Благородный воин тем временем пришел в себя. Он перестал рыгать и дергаться и теперь просто сидел на полу, тупо моргая. Пупыри на руках и шее сделались больше и приобрели странный желтоватый оттенок. Кин Бутуз яростно чесался.
— Кишки выпущу из этого жулика!
— Нужен лекарь, — пробормотал мастер Артишок, — он бредит.
— Я не брежу, — ответил кин Бутуз, — я в гневе! Подать сюда копье и лошадь. Я сейчас покараю мошенника!!
Не прошло и пяти минут, как лошадь уже стояла у дверей.
Кин Бутуз неуклюже взгромоздился в седло и, отчаянно мотая головой, чтобы не чесаться, водрузил себе на голову шлем.
Тристан молча подал рыцарю копье, и тот воинственно опустил забрало.
— Ваше мужество, — робко прошептал Хабар, — не надо! Прошу вас, проявите милосердие и силу воли.
— Молчать! — огрызнулся кин Бутуз. — Тут задета моя честь, и я намерен проявить жестокость и силу мышц!
С этими словами рыцарь пришпорил своего несчастного коня, и тот медленно потащился вперед.
— Вперед, ленивая скотина! — гаркнул он и вновь пришпорил коня.
Конь вдруг перешел на рысь, что явилось полной неожиданностью для седока. Он растерялся, заерзал в седле и попытался остановить животное, но вместо этого еще раз изо всех сил пришпорил его. Обиженный конь яростно мотнул крупом.
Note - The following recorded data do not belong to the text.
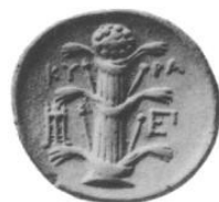
lasarpīcium in nummō

bāsiātiō -ōnis f = ōsculum satis superque = plūs quam satis quam magnus numerus = tot (bāsiātiōnēs) quot Libyssus -a -um < Libya , regiō Africae harēna -ae f = terra sicca lītorum lasarpīcifer -fera -ferum = quī lasarpīcium fert Cyrēnae -ārum f , oppidum Libyae
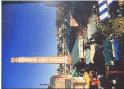
[그림 11] 초기 빅토리아파크 마켓 모습 (빅토리아파크 입구 전시 사진 방문 촬영)
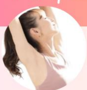
さやピラ ぽっこりお腹改善 ピラティス
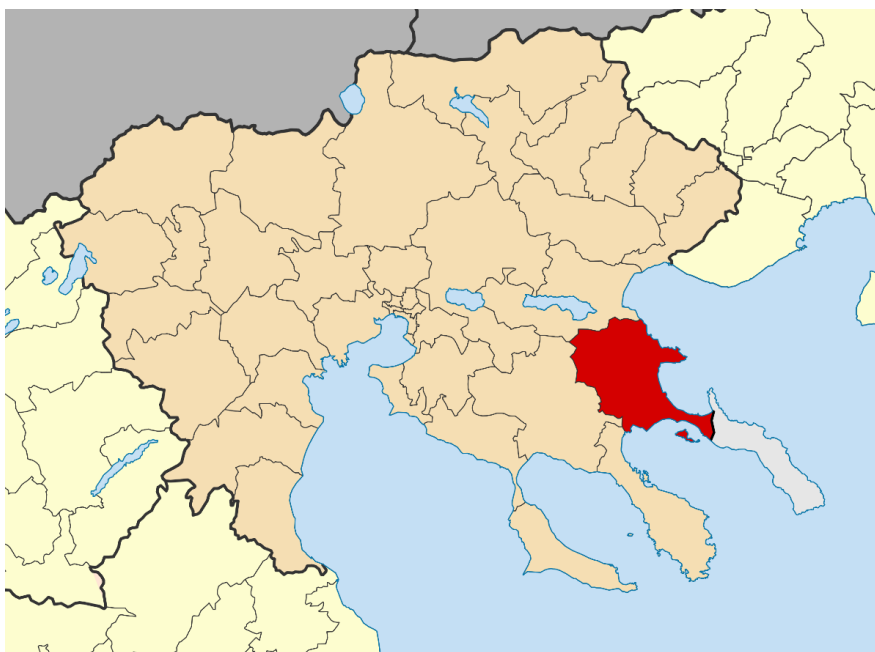
Εικόνα 2. Χάρτης με τη θέση του Δήμου Αριστοτέλη στην Περιφέρεια Κεντρικής Μακεδονίας

Ο Δήμος Αριστοτέλη είναι δήμος της Π.Ε. Χαλκιδικής στην Περιφέρεια Κεντρικής Μακεδονίας, στη Βορειοανατολική περιοχή της Χαλκιδικής, με έδρα την Ιερισσό, όπως φαίνεται και στον παρακάτω χάρτη.

Кин Бутуз вылетел из седла, словно камень, пущенный катапультой, и, описав в воздухе немыслимую дугу, приземлился в кусты. Пытаясь смягчить падение, он вытянул вперед копье, и его острие ушло глубоко в землю. С минуту кин Бутуз висел над кустами, крепко держась за спасительное копье, но оно предательски накренилось и с треском сломалось пополам. Рыцарь издал жалобный писк и рухнул наземь.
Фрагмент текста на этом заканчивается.